If the underlying cause of nightmares is determined to not be something medical, the next step is to seek some sort of behavioral therapy to correct the issue. A lot of people balk at the idea of therapy, but frequent nightmares are symptomatic that something else is going on, and can often be effectively treated by a licensed professional.


First, the therapist will work to identify the potential causes of the nightmares. Sometimes this is pretty obvious, as in cases where a patient has PTSD from a specific event. Other times, it takes a little more digging to figure it out. Once identified, the therapist can help the patient work through the feelings so that they're not bubbling up in the overnight hours. Many therapists also teach people to manage their stress better. This can lower anxiety, helping sleep to be a more seamless process.

Innovative ways that therapists treat nightmare disorder

Occasionally, nightmares are about a specific fear. Some therapists will practice systematic desensitization, which exposes the person to their fear in gradual steps. So, the person who's having recurring nightmares about growling dogs might be exposed to pictures, then videos, then actual dogs until they can become more comfortable around canines. This is all done while practicing helpful relaxation techniques.

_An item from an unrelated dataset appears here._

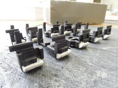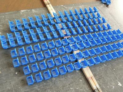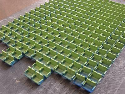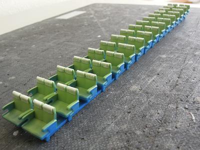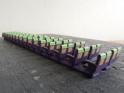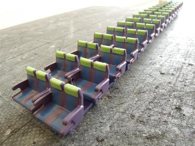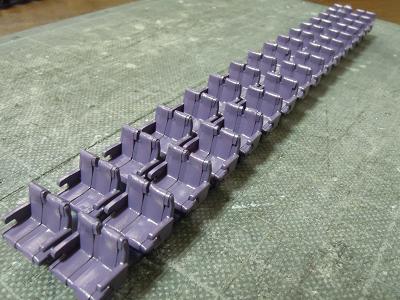 座席塗装 ・再び平日のマスキングタイム。 紫の塗装に備え、地道な作業が進みます。 しかし数多すぎ...。 ちなみに手前のシートはクロハ用で、グリーン室シートの実現 方法が未検討の為、とりあえず塗装だけ紫系の単色として おきます。 |

Or, the therapist can walk the patient through alternative endings to their dreams. Known as "imagery rehearsal therapy," this method seeks to reprogram the bad dreams, rather than wipe them out altogether. The patient writes down the details of the nightmare, then rewrites the ending to give it a more positive spin. The patient is then directed to act out the alternate ending (verbally or in their mind) before bedtime. This reprogramming has been shown to be effective in lessening the severity of nightmares, as well as how often they happen. A dream come true, indeed!